TASK REQUIREMENTS → A stretch of the entries below is to be set down exactly, running from the line with "三安光电,今天大幅度低开之后" through the line with "machine: | 6500x2000x4800mm; |", both included, and no other line.

··· EXTRACTED INFORMATION

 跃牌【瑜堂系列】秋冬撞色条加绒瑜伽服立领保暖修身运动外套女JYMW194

······
··· EXTRACTED INFORMATION

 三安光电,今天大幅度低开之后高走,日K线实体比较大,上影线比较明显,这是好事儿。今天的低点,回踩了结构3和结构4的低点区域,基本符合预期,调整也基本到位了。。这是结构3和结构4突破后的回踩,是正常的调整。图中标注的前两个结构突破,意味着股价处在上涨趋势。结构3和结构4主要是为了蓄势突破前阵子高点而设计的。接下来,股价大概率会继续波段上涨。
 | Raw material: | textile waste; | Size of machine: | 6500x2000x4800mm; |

······
··· EXTRACTED INFORMATION

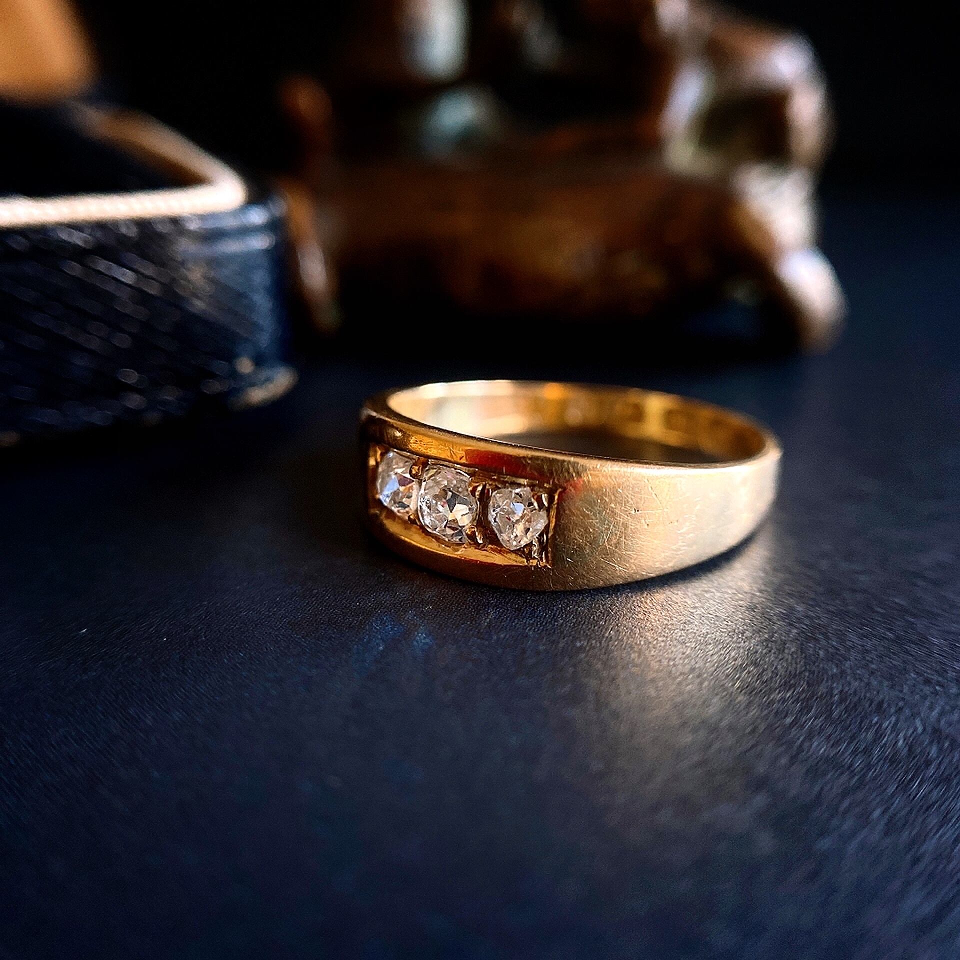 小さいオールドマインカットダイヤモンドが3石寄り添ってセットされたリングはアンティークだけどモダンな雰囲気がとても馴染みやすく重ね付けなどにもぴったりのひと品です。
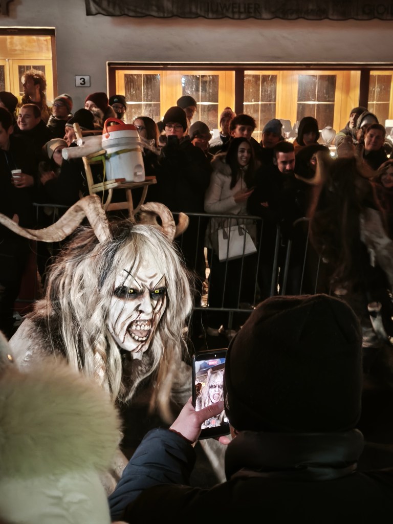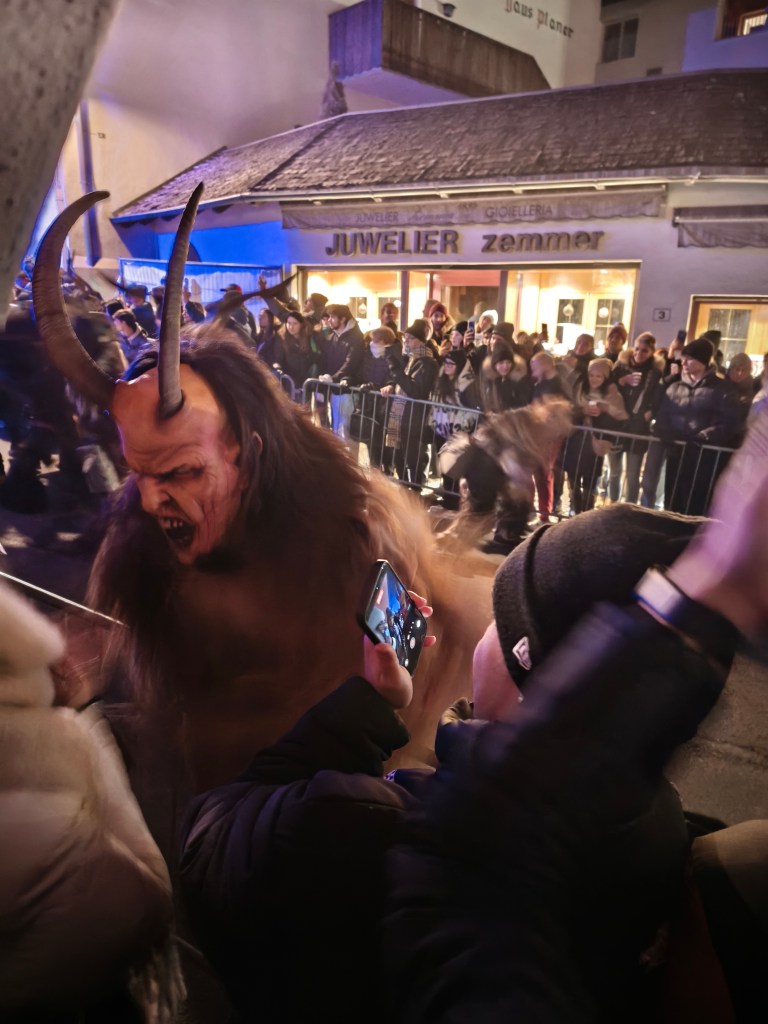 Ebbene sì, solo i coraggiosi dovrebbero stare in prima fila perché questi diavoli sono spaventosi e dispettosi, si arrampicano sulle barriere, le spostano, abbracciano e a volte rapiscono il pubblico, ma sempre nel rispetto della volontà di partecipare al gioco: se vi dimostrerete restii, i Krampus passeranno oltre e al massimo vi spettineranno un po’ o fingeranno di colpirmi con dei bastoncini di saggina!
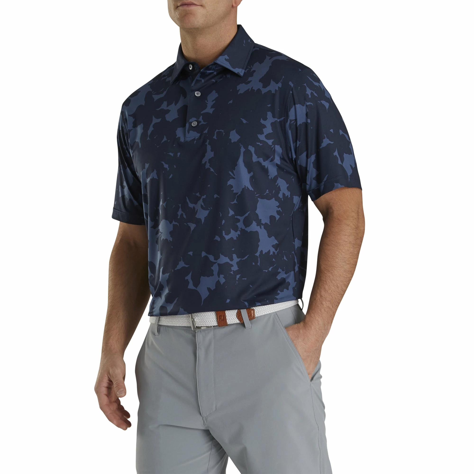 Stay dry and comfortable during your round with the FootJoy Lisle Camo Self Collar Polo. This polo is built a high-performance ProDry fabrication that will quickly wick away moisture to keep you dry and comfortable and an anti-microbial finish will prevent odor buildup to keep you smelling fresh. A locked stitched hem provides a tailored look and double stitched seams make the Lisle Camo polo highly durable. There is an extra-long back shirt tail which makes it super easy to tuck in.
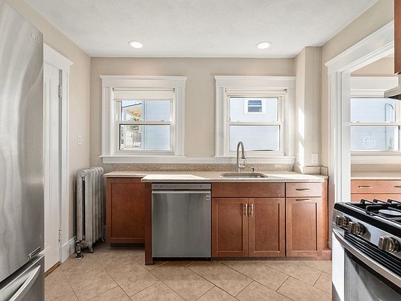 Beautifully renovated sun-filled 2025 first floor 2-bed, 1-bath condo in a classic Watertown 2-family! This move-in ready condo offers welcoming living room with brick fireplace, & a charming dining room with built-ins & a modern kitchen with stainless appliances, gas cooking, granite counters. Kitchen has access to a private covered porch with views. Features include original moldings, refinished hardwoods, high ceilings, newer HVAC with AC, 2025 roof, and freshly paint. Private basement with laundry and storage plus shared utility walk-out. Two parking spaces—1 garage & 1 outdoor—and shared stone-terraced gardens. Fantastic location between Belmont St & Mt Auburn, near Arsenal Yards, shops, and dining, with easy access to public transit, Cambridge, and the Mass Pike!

······

TASK ANSWER →
 三安光电,今天大幅度低开之后高走,日K线实体比较大,上影线比较明显,这是好事儿。今天的低点,回踩了结构3和结构4的低点区域,基本符合预期,调整也基本到位了。。这是结构3和结构4突破后的回踩,是正常的调整。图中标注的前两个结构突破,意味着股价处在上涨趋势。结构3和结构4主要是为了蓄势突破前阵子高点而设计的。接下来,股价大概率会继续波段上涨。
 | Raw material: | textile waste; | Size of machine: | 6500x2000x4800mm; |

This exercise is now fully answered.